Jobs Report Ends Recession Debate, Now What?

MoneyNews
Friday, March 7, 2008
WASHINGTON -- A second straight month of job losses all but ended the debate over whether the U.S. economy has slipped into recession. Now the question is how to get out.

"Turn out the lights. The party's over. We are in a recession," said Joseph Brusuelas, chief U.S. economist at IDEAglobal in New York.

Don't count on debt-laden households to spend their way back to growth. As for banks, they are preoccupied with cleaning up their balance sheets after seven months of credit turmoil, which means they are unlikely to throw open the cash spigots. The federal government is mired in debt as well.

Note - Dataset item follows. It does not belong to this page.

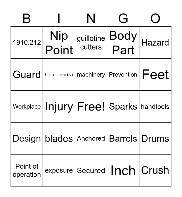 This bingo card has a free space and 24 words: blades, exposure, machinery, Point of operation, Hazard, 1910.212, Guard, Nip Point, Sparks, Anchored, Prevention, Workplace, Barrels, Drums, Container(s), Inch, handtools, guillotine cutters, Feet, Injury, Crush, Design, Body Part and Secured.

All that adds up to a protracted period of deleveraging — a fancy word for paring debt — and perhaps an equally long period of subpar U.S. economic growth.

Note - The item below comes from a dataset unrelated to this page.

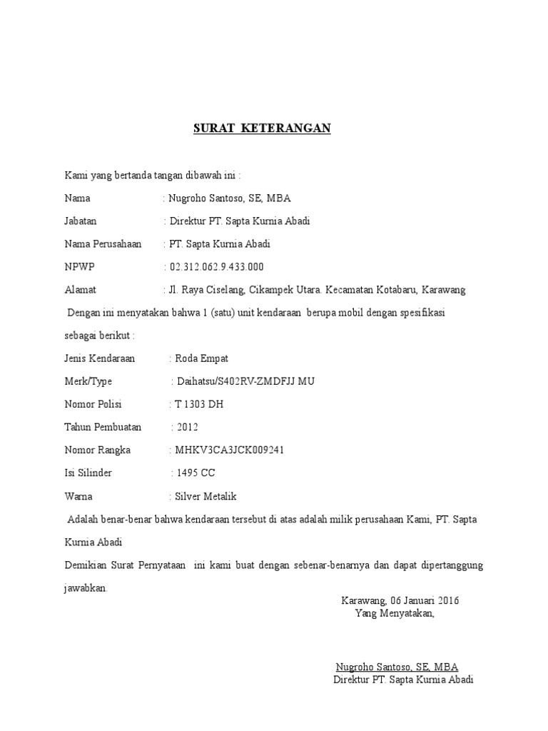 Bpkb atau bukti kepemilikan kendaraan bermotor merupakan salah satu dokumen penting yang harus dimiliki oleh semua pemilik kendaraan bermotor. Contohnya dalam faktor perpanjangan stnk kendaraan bermotor, apabila kendaraan kami adalah. Savesave surat keterangan kepemilikan kendaraan bermotor for later. Urus sendiri mutasi dan balik nama kendaraan bermotor. Home contoh surat contoh surat kuasa untuk kendaraan bermotor contoh surat kuasa untuk kendaraan bermotor.

While most economists still believe that the economy will rebound in the second half of this year as U.S. Federal Reserve interest rate cuts and government tax rebates kick in, some are starting to push back the recovery date into 2009.

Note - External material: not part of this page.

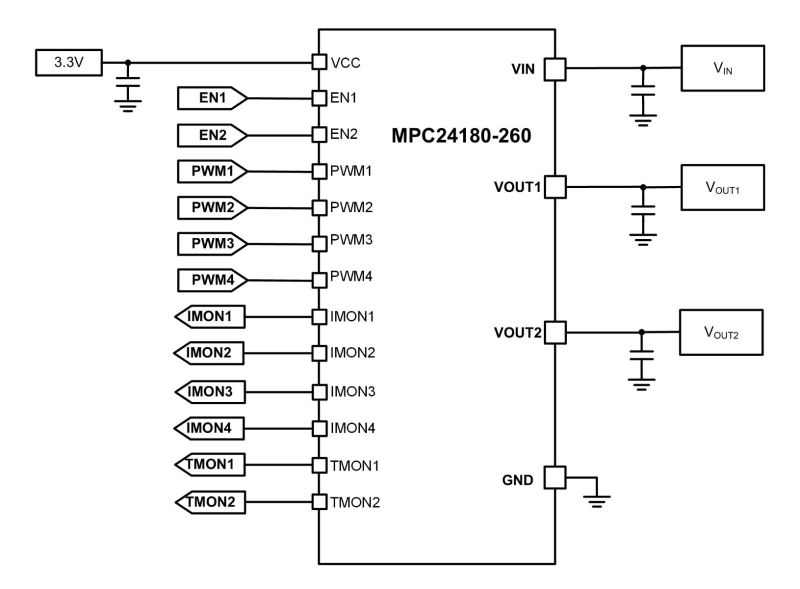 The MPC24180-260 is a four-phase, non-isolated, high-efficiency step-down Intelli-ModuleTM. It integrates the driver MOSFETs (DrMOS), inductors, and output capacitors to provide high efficiency and a small footprint, which is ideal for server applications.

U.S. employers cut 63,000 jobs last month, according to Labor Department data released Friday. That followed a loss of 22,000 jobs in January. December's job growth was only half as big as the government had earlier reported.

Economists even found bad news in the fact that the unemployment rate fell to 4.8 percent from 4.9 percent, noting that this was merely the result of a steep drop in the size of the work force because more people gave up looking for jobs.

Employment holds the key to the U.S. economy because jobs mean paychecks, paychecks mean consumer spending, and spending accounts for about 70 percent of the economy.

"The debate should no longer be about whether there is or is not a recession, only about how deep it will be," said Nigel Gault, chief U.S. economist with Global Insight in Lexington, Massachusetts.

PAY LATER

Consumers were already under strain from the slumping housing market and rising costs for food and energy. A report Thursday showed that household net wealth fell for the first time in five years. The savings rate has hovered around zero for several months.

With credit market turmoil prompting banks to tighten lending standards, consumers have had a tougher time qualifying for cheap mortgages, auto loans and home equity lines. That suggests households will cut spending.

Later on Friday, the Federal Reserve will release data on consumer borrowings and interest rates for January. Borrowings had been on an upswing for much of 2007 but the growth rate abruptly slowed in December, heightening concerns that consumers may be tapped out.

The White House acknowledged that the U.S. economy was stuck in a period of "low growth", and pointed to a recently passed $168 billion stimulus package as a way to address it.

Lehman Brothers economist Ethan Harris said the rebate checks would not be enough to prop up the economy.

"We now believe the tax rebate checks will arrive too late to prevent an outright recession," he said, adding that he expected the economy to dip into negative territory in the first and second quarters of the year.

"While we are penciling in a very mild recession, it is important to not get hung up on the 'recession, no recession' debate. The more fundamental point is that the economy is likely to experience an extended period of very weak growth, a rising unemployment rate and significant further Fed rate cuts."

The best hope for the federal stimulus package may be a less-discussed provision that gives companies a tax incentive to make purchases this year. That may boost corporate spending, cushioning the downturn.

There was one small silver lining in the ugly employment report. A sluggish labor market eases inflation pressures, making it easier for the Fed to lower interest rates.

The central bank has already cut rates by 2.25 percentage points since mid-September, and another cut of at least a half-point is widely expected when its policy team meets on March 18. Goldman Sachs economist Jan Hatzius said an emergency rate cut before that meeting was not out of the question.

J.P. Morgan's chief economist, Bruce Kasman, said he expects the Fed to cut by three-quarters of a point at the March meeting, and another half point in April.

"It is appropriate to characterize the U.S. economy as having entered a recession in the first quarter," he said.